### DIRECTIONS
Output every line below exactly, please, omitting pictures.

*** GIVEN RECORDS ***

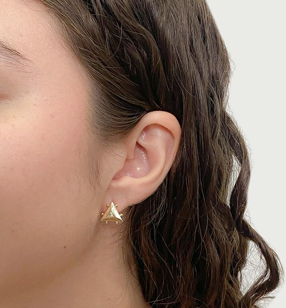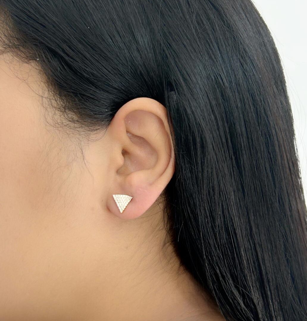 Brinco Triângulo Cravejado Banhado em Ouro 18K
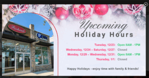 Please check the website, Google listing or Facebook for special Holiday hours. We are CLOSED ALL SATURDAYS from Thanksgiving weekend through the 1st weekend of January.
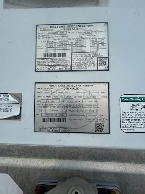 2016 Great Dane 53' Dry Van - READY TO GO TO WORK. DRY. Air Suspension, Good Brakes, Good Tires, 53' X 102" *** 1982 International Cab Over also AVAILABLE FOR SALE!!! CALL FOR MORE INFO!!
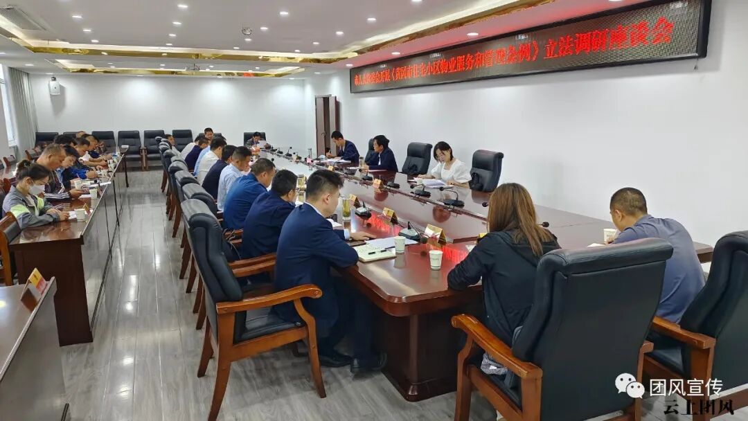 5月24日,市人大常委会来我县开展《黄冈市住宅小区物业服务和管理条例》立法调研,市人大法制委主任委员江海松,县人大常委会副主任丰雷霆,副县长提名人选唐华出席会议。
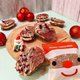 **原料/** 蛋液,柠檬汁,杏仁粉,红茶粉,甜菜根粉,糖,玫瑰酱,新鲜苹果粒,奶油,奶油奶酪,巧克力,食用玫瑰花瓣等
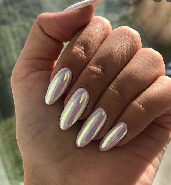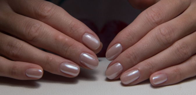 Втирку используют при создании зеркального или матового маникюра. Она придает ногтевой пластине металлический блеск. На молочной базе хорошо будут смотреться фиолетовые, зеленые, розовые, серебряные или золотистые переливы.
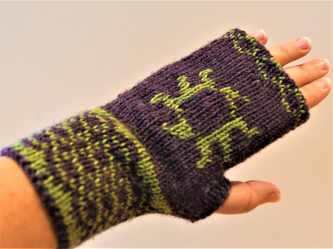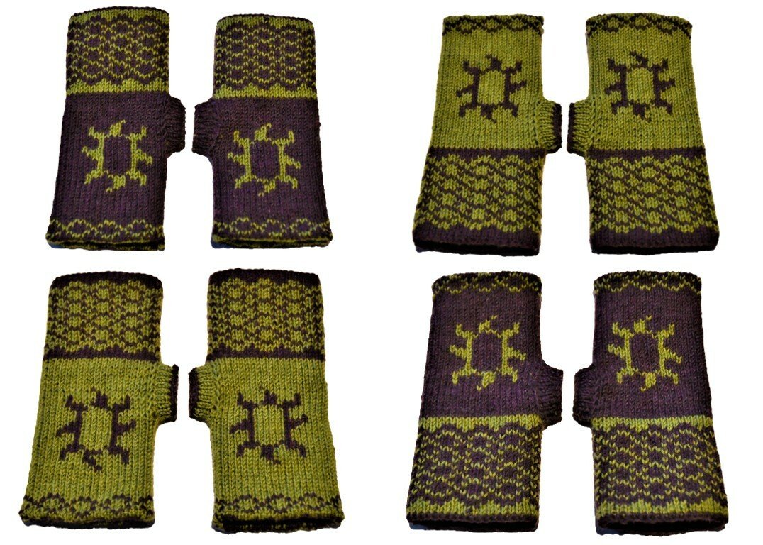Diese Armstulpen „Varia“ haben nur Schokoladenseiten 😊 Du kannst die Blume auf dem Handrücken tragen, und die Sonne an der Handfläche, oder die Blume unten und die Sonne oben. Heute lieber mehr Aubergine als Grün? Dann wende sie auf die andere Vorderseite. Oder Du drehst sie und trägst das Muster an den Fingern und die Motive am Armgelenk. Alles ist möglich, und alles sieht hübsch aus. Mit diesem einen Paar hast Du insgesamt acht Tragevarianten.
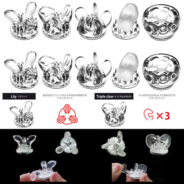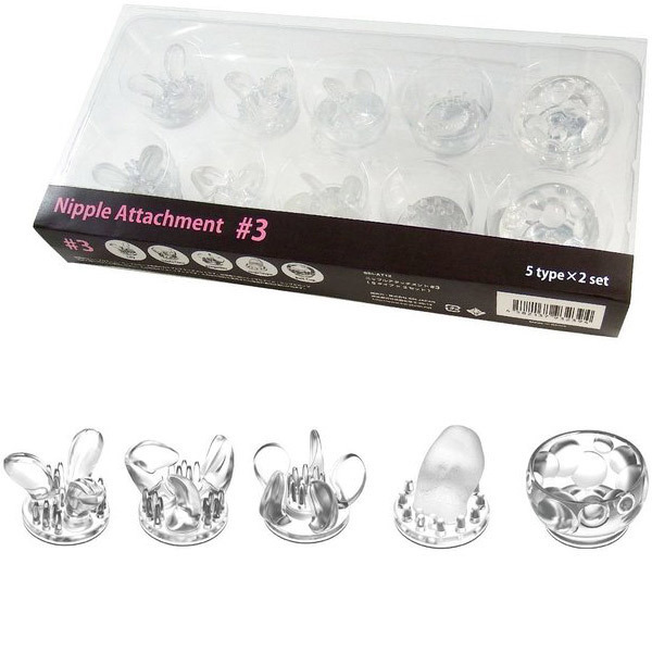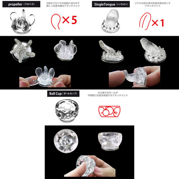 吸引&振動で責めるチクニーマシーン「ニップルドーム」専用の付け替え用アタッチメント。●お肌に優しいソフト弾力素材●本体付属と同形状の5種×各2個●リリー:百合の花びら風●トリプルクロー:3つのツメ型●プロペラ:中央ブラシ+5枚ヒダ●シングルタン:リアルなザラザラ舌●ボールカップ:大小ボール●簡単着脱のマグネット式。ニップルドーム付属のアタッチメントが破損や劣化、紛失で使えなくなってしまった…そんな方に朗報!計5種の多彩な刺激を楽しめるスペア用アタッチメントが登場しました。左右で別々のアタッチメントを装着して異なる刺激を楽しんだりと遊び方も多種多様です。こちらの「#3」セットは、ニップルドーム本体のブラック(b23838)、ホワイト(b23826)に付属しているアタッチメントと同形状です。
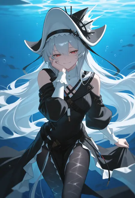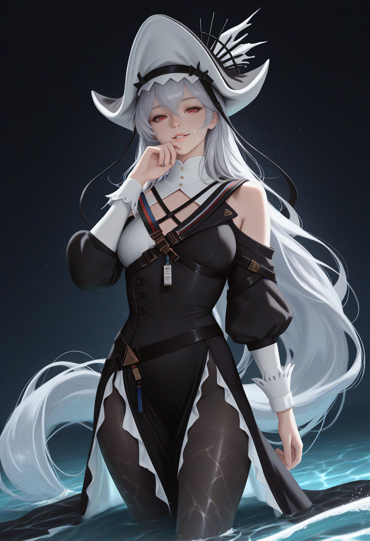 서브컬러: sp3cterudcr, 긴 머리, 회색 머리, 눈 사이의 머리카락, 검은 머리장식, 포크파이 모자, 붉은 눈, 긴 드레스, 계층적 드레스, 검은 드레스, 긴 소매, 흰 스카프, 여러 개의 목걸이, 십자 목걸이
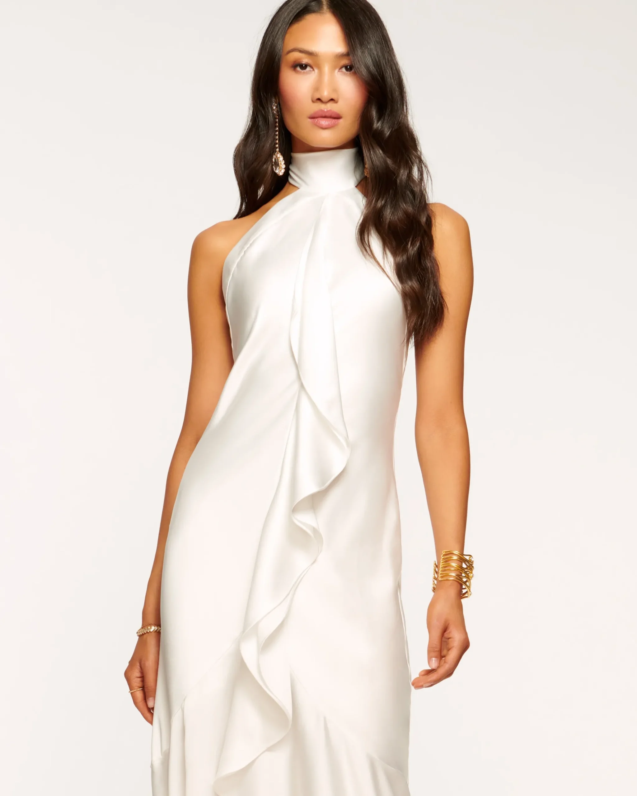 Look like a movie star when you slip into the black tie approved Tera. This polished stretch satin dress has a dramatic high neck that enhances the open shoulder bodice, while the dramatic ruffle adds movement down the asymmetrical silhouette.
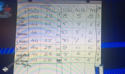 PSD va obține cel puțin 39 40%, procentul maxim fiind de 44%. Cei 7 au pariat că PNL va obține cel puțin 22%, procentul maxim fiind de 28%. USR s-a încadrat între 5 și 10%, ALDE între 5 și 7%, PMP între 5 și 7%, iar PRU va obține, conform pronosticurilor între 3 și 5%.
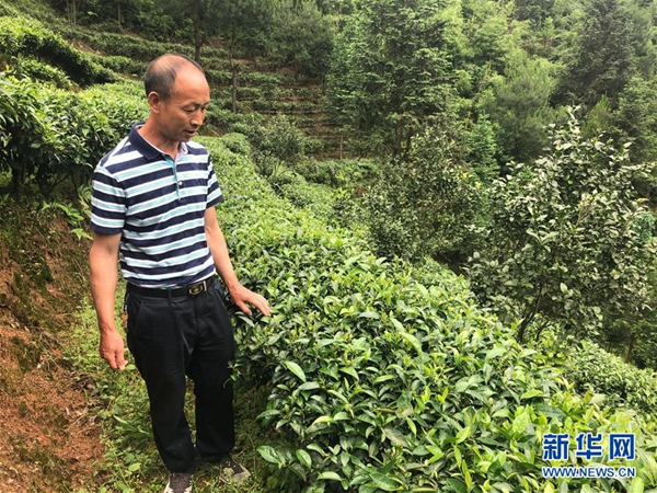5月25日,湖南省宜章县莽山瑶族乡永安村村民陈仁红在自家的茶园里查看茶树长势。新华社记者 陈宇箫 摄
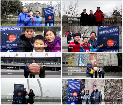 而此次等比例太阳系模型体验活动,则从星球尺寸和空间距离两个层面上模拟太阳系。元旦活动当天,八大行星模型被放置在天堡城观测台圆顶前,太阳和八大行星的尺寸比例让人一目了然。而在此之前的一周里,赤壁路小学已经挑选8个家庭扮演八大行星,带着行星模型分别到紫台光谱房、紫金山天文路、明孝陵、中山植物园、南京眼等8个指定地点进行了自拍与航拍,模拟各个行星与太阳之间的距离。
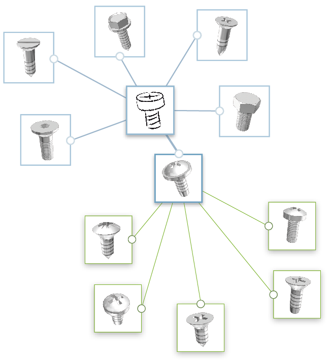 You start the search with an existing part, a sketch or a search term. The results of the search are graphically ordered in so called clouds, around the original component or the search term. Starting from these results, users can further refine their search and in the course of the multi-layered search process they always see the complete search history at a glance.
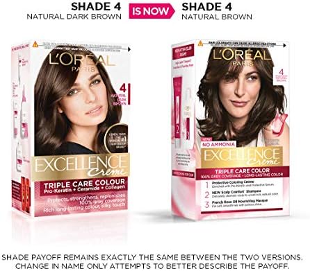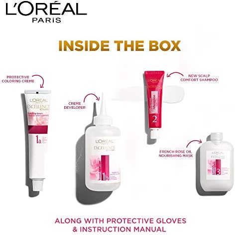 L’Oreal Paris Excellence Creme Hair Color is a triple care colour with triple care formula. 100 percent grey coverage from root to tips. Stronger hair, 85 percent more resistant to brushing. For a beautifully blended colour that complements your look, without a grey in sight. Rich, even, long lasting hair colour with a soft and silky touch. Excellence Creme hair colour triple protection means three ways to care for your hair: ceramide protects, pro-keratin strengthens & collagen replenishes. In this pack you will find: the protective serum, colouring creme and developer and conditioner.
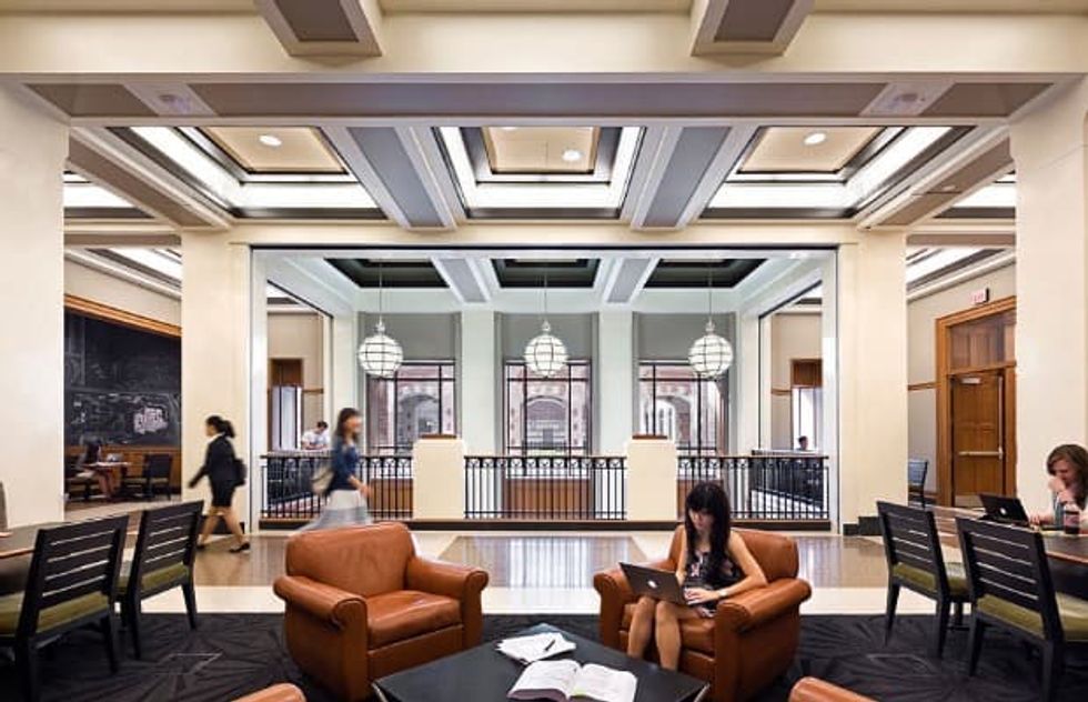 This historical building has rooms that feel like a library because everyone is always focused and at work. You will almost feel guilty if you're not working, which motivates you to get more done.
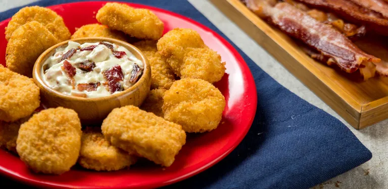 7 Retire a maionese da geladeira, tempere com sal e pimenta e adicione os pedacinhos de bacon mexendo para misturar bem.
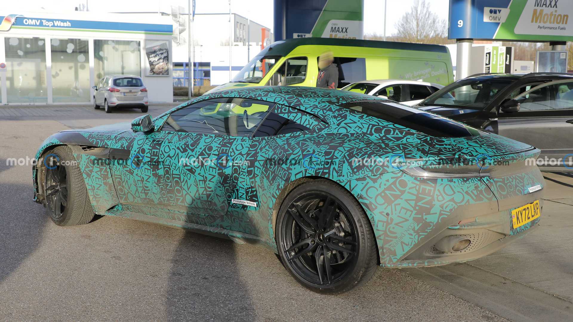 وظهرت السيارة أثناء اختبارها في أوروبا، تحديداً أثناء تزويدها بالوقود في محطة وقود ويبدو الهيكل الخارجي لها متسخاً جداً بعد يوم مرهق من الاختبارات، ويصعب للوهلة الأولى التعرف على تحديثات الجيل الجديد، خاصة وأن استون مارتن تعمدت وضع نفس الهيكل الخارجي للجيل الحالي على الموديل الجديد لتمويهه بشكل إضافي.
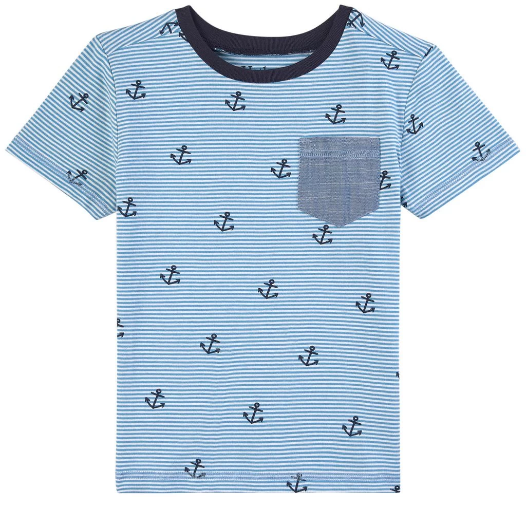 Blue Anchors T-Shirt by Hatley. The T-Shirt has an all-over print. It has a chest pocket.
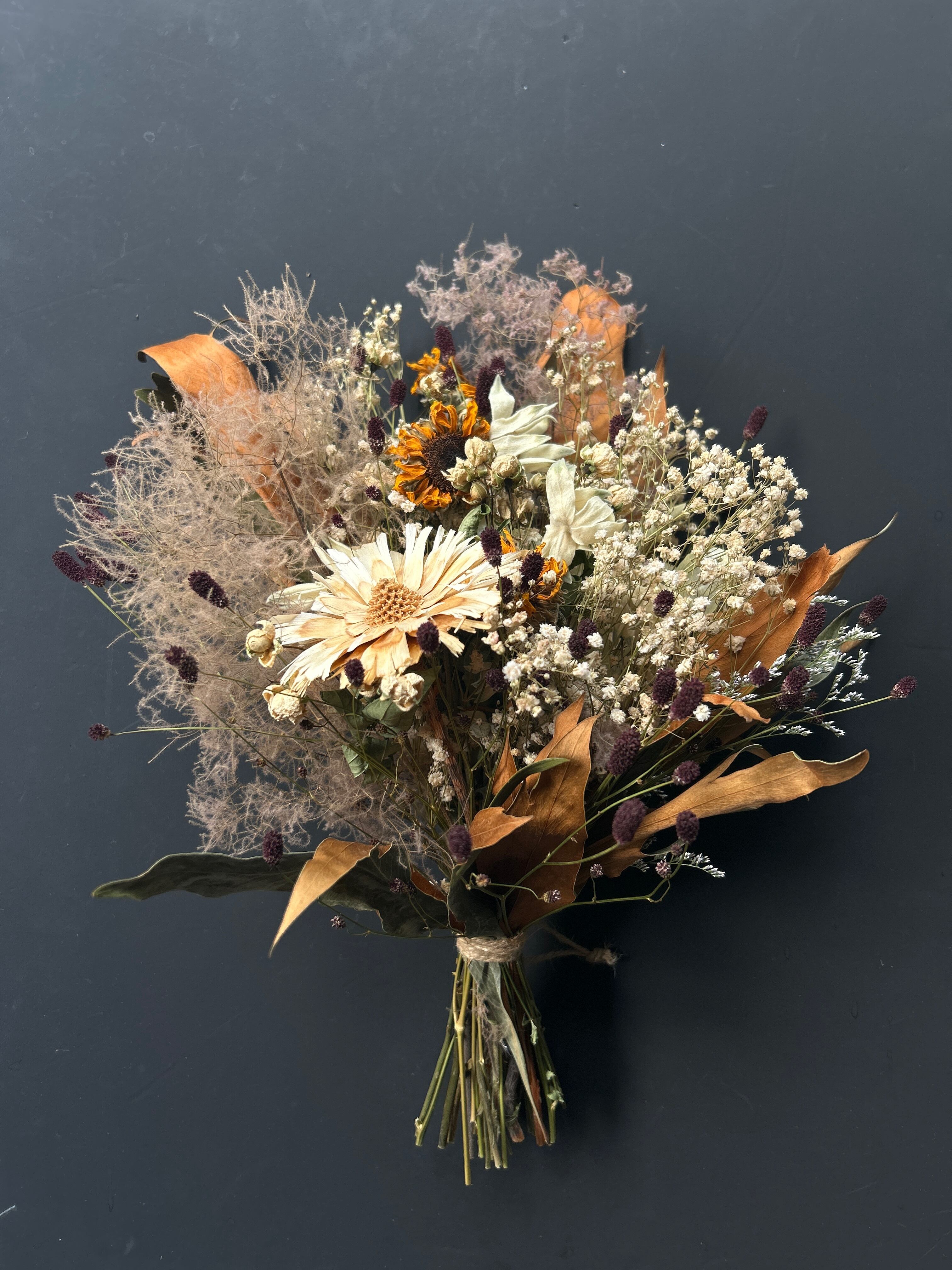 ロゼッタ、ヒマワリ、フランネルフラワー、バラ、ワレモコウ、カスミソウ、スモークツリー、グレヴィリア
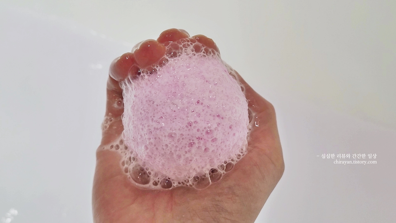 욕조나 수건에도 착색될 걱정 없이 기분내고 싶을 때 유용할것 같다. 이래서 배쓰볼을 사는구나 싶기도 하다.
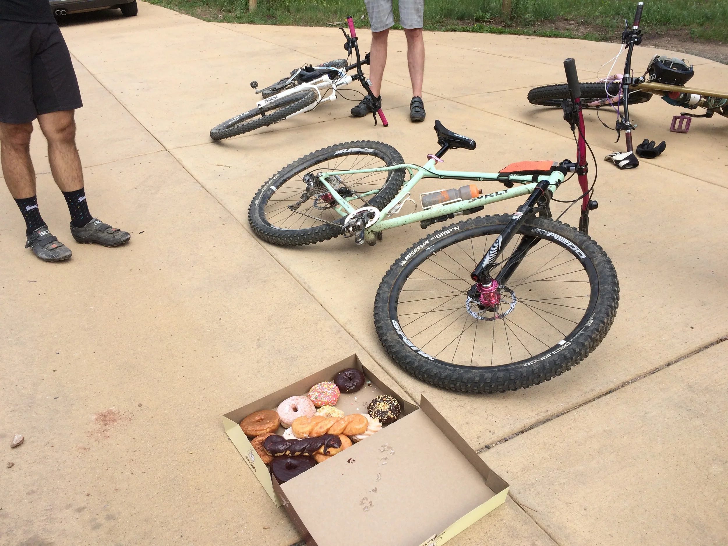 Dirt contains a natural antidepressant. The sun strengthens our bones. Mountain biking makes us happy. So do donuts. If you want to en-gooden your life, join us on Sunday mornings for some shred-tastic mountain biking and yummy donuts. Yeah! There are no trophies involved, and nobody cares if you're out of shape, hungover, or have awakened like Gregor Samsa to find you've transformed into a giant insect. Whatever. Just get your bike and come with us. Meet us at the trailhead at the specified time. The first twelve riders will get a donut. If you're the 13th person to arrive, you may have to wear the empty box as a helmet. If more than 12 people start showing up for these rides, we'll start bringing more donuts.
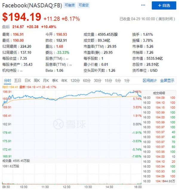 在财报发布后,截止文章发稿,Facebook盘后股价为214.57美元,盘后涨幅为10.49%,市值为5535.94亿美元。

*** End of GIVEN RECORDS ***

### SOLUTION FOR THIS PROBLEM
 Brinco Triângulo Cravejado Banhado em Ouro 18K
 Please check the website, Google listing or Facebook for special Holiday hours. We are CLOSED ALL SATURDAYS from Thanksgiving weekend through the 1st weekend of January.
 2016 Great Dane 53' Dry Van - READY TO GO TO WORK. DRY. Air Suspension, Good Brakes, Good Tires, 53' X 102" *** 1982 International Cab Over also AVAILABLE FOR SALE!!! CALL FOR MORE INFO!!
 5月24日,市人大常委会来我县开展《黄冈市住宅小区物业服务和管理条例》立法调研,市人大法制委主任委员江海松,县人大常委会副主任丰雷霆,副县长提名人选唐华出席会议。
 **原料/** 蛋液,柠檬汁,杏仁粉,红茶粉,甜菜根粉,糖,玫瑰酱,新鲜苹果粒,奶油,奶油奶酪,巧克力,食用玫瑰花瓣等
 Втирку используют при создании зеркального или матового маникюра. Она придает ногтевой пластине металлический блеск. На молочной базе хорошо будут смотреться фиолетовые, зеленые, розовые, серебряные или золотистые переливы.
Diese Armstulpen „Varia“ haben nur Schokoladenseiten 😊 Du kannst die Blume auf dem Handrücken tragen, und die Sonne an der Handfläche, oder die Blume unten und die Sonne oben. Heute lieber mehr Aubergine als Grün? Dann wende sie auf die andere Vorderseite. Oder Du drehst sie und trägst das Muster an den Fingern und die Motive am Armgelenk. Alles ist möglich, und alles sieht hübsch aus. Mit diesem einen Paar hast Du insgesamt acht Tragevarianten.
 吸引&振動で責めるチクニーマシーン「ニップルドーム」専用の付け替え用アタッチメント。●お肌に優しいソフト弾力素材●本体付属と同形状の5種×各2個●リリー:百合の花びら風●トリプルクロー:3つのツメ型●プロペラ:中央ブラシ+5枚ヒダ●シングルタン:リアルなザラザラ舌●ボールカップ:大小ボール●簡単着脱のマグネット式。ニップルドーム付属のアタッチメントが破損や劣化、紛失で使えなくなってしまった…そんな方に朗報!計5種の多彩な刺激を楽しめるスペア用アタッチメントが登場しました。左右で別々のアタッチメントを装着して異なる刺激を楽しんだりと遊び方も多種多様です。こちらの「#3」セットは、ニップルドーム本体のブラック(b23838)、ホワイト(b23826)に付属しているアタッチメントと同形状です。
 서브컬러: sp3cterudcr, 긴 머리, 회색 머리, 눈 사이의 머리카락, 검은 머리장식, 포크파이 모자, 붉은 눈, 긴 드레스, 계층적 드레스, 검은 드레스, 긴 소매, 흰 스카프, 여러 개의 목걸이, 십자 목걸이
 Look like a movie star when you slip into the black tie approved Tera. This polished stretch satin dress has a dramatic high neck that enhances the open shoulder bodice, while the dramatic ruffle adds movement down the asymmetrical silhouette.
 PSD va obține cel puțin 39 40%, procentul maxim fiind de 44%. Cei 7 au pariat că PNL va obține cel puțin 22%, procentul maxim fiind de 28%. USR s-a încadrat între 5 și 10%, ALDE între 5 și 7%, PMP între 5 și 7%, iar PRU va obține, conform pronosticurilor între 3 și 5%.
5月25日,湖南省宜章县莽山瑶族乡永安村村民陈仁红在自家的茶园里查看茶树长势。新华社记者 陈宇箫 摄
 而此次等比例太阳系模型体验活动,则从星球尺寸和空间距离两个层面上模拟太阳系。元旦活动当天,八大行星模型被放置在天堡城观测台圆顶前,太阳和八大行星的尺寸比例让人一目了然。而在此之前的一周里,赤壁路小学已经挑选8个家庭扮演八大行星,带着行星模型分别到紫台光谱房、紫金山天文路、明孝陵、中山植物园、南京眼等8个指定地点进行了自拍与航拍,模拟各个行星与太阳之间的距离。
 You start the search with an existing part, a sketch or a search term. The results of the search are graphically ordered in so called clouds, around the original component or the search term. Starting from these results, users can further refine their search and in the course of the multi-layered search process they always see the complete search history at a glance.
 L’Oreal Paris Excellence Creme Hair Color is a triple care colour with triple care formula. 100 percent grey coverage from root to tips. Stronger hair, 85 percent more resistant to brushing. For a beautifully blended colour that complements your look, without a grey in sight. Rich, even, long lasting hair colour with a soft and silky touch. Excellence Creme hair colour triple protection means three ways to care for your hair: ceramide protects, pro-keratin strengthens & collagen replenishes. In this pack you will find: the protective serum, colouring creme and developer and conditioner.
 This historical building has rooms that feel like a library because everyone is always focused and at work. You will almost feel guilty if you're not working, which motivates you to get more done.
 7 Retire a maionese da geladeira, tempere com sal e pimenta e adicione os pedacinhos de bacon mexendo para misturar bem.
 وظهرت السيارة أثناء اختبارها في أوروبا، تحديداً أثناء تزويدها بالوقود في محطة وقود ويبدو الهيكل الخارجي لها متسخاً جداً بعد يوم مرهق من الاختبارات، ويصعب للوهلة الأولى التعرف على تحديثات الجيل الجديد، خاصة وأن استون مارتن تعمدت وضع نفس الهيكل الخارجي للجيل الحالي على الموديل الجديد لتمويهه بشكل إضافي.
 Blue Anchors T-Shirt by Hatley. The T-Shirt has an all-over print. It has a chest pocket.
 ロゼッタ、ヒマワリ、フランネルフラワー、バラ、ワレモコウ、カスミソウ、スモークツリー、グレヴィリア
 욕조나 수건에도 착색될 걱정 없이 기분내고 싶을 때 유용할것 같다. 이래서 배쓰볼을 사는구나 싶기도 하다.
 Dirt contains a natural antidepressant. The sun strengthens our bones. Mountain biking makes us happy. So do donuts. If you want to en-gooden your life, join us on Sunday mornings for some shred-tastic mountain biking and yummy donuts. Yeah! There are no trophies involved, and nobody cares if you're out of shape, hungover, or have awakened like Gregor Samsa to find you've transformed into a giant insect. Whatever. Just get your bike and come with us. Meet us at the trailhead at the specified time. The first twelve riders will get a donut. If you're the 13th person to arrive, you may have to wear the empty box as a helmet. If more than 12 people start showing up for these rides, we'll start bringing more donuts.
 在财报发布后,截止文章发稿,Facebook盘后股价为214.57美元,盘后涨幅为10.49%,市值为5535.94亿美元。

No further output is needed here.